The Noose Tightens at Norwegian as Losses Continue

Norwegian has long been a master of confusion and spin, but at some point, even the experts can’t put lipstick on that pig. The airline’s first quarter results were pretty gruesome, and it looks like some partners are starting to get nervous.

In the first quarter, Norwegian would like you to think that it did very well.

Norwegian reports increased revenue and reduced costs for the first quarter.

And indeed, it did increase revenue and reduce costs. That’s really not all that hard. Growing revenue is quite simple. You just put a bunch more seats out there and, MAGIC, you sell more tickets. With a 17 percent growth in capacity year over year, how could it not increase revenues?

And on the cost side, yes, unit costs excluding fuel have gone down by 8 percent. Some of that is due to the 2 percent increase in stage length, but some of it is due to actual cost reductions. Then again, the biggest unit cost percentage decrease came from this:

Technical maintenance expenses decreased by 5 per cent to NOK 813 million (860) in the first quarter compared to the same quarter last year. Unit cost decreased by 19 per cent. Heavy maintenance cost decreased due to new engine maintenance contracts and reductions in maintenance costs on 787 and 737 MAX 8 aircraft due to less flown hours than planned as well as compensation for 787 groundings.

So maintenance went down because they flew airplanes less and got paid for the 787 sitting on the ground. That’s one way to reduce your costs.

Of course, if you include fuel, the unit cost decrease was only 5 percent. I know that’s not controllable, but the airline still has to pay it. And when we’re talking about generating cash to survive, rising fuel is not helpful, especially on a long-haul operation where you need a lot of it.

So that’s the good news, but what’s the bad news? Pretty much everything else. Even with those cost drops and revenue increases, Norwegian lost 4 percent more in Q1 than it did the year before. Its loss excluding one time gains/losses before interest and taxes was NOK -2,263 million, or about US$260 million. The first quarter is always weak in Europe, but this is indeed bad news for the airline. How did this happen?

Even though Norwegian did increase its revenues, it didn’t increase them nearly as much as it should have. It saw yields rise by 2 percent, but that attempt to keep fares up caused problems in filling seats. The load factor dropped precipitously from 84.5 percent down to 81 percent. The net result was a drop in unit revenue of 3 percent.
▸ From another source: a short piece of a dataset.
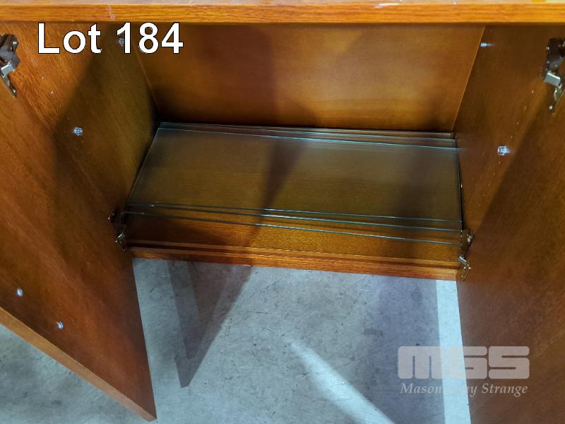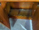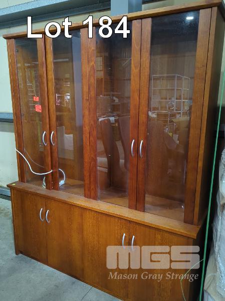 2-SECTION ILLUMINATED OAK DISPLAY CABINET, 2 X GLASS SHELVES EACH SECTION. 4-DOOR, SINGLE SHELF UNDER STORAGE.
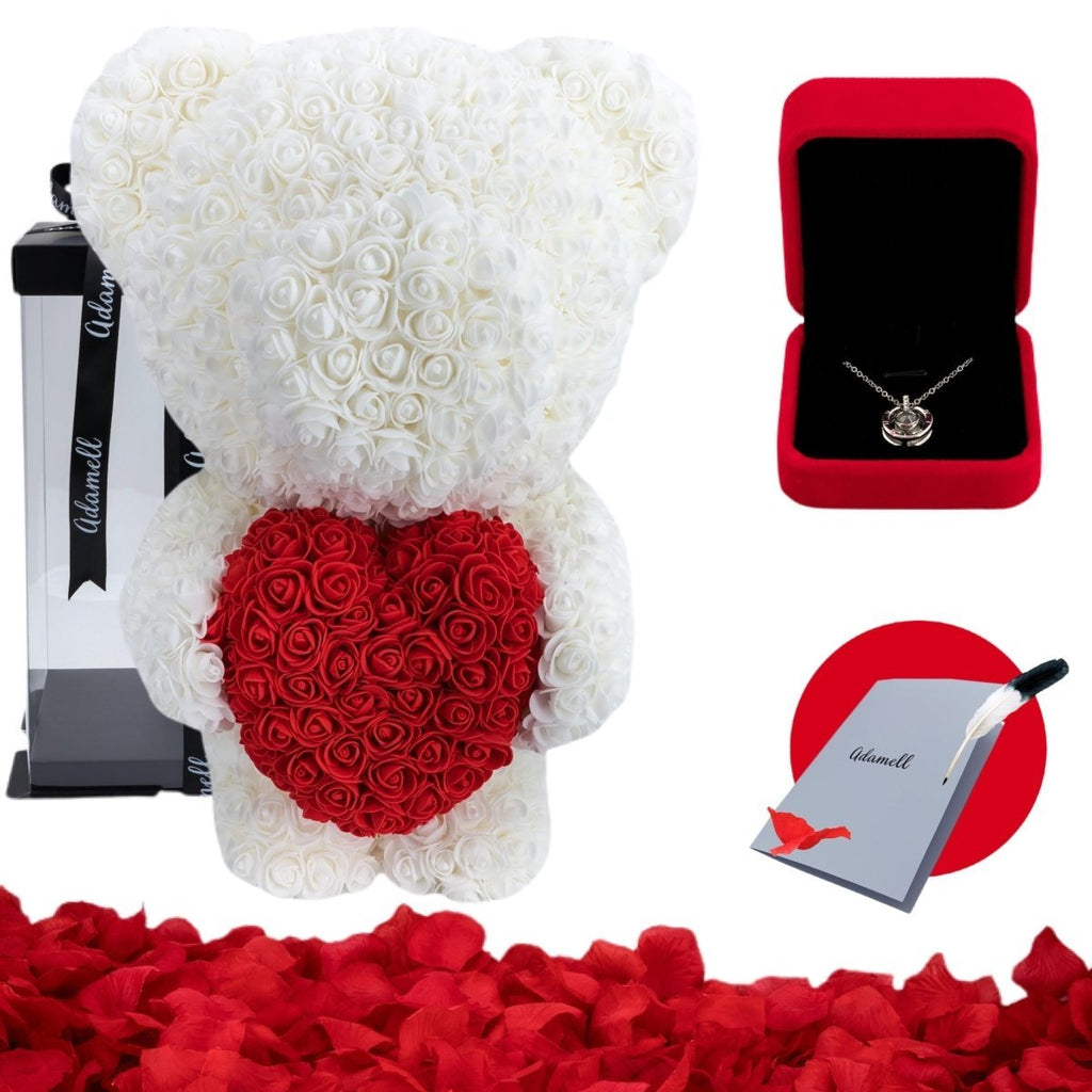 Miś z róż | Biały z sercem 60cm, Upominek na dzień kobiet, na 20 rocznicę, na gwiazdkę, wspólny prezent, na bierzmowanie, dla wychowawcy, pielęgniarki

Ultimately, this is a cash business, and that’s what determines if the planes fly or not. Does Norwegian have enough cash to survive until some magical day in the future when it can turn a profit? (Note: that magical day may or many not exist.) It’s hard to say.

Cash did spike this quarter. It was at NOK 1,922 million at the end of last year, but 3 months later it was up to NOK 3,151. This, however, didn’t come from running the airline. This came from a rights issue that added NOK 2,900 million to the bank. Its cash flow from operating activities was actually NOK -220 million, worse than last year’s NOK -135 million.

As if that’s not bad enough, Norwegian is now feeling additional pressure from the grounding of the 737 MAX. It may get paid by Boeing for that at some point in the future, but Norwegian doesn’t have that long of a runway. The problem here is that having already exhausted so many avenues to boost cash, Norwegian doesn’t have a big cushion to survive shocks. There’s only so much furniture you can burn when things go wrong.

The walls also appear to be closing in around them as partners get nervous. For example, note this nugget from the earnings report:

Receivables have increased by NOK 3,951 million during the quarter due to increased production, increased hold-backs from credit card acquirers and seasonality.

Increased hold-backs from credit card companies? Basically that means that the card companies will hold on to more of the money travelers pay until the flight actually goes. Instead of getting the cash at booking, Norwegian has to book it as a receivable. Why? That’s done when the card companies get nervous about being stranded with a ton of claims if an airline shuts down. It’s also awful for the airline because it means that cash flow is restricted until those passengers are delivered to their destinations.

This has brought down many an airline before, and it will bring down more in the future. That being said, don’t think this means Norwegian is going away tomorrow. It still has a fair bit of cash thanks to that rights issue, and we’re moving into the best-performing summer season. That should provide some relief in the very short term.

Once summer is gone, however, the ugliness may once again accelerate. The airline has deferred deliveries and is trying to slow growth so it can improve performance, but it’s hard to see how that will be enough. Norwegian has dug a deep hole for itself with its rapid, unbridled growth and massive aircraft spending. It’s getting harder and harder for it to climb out.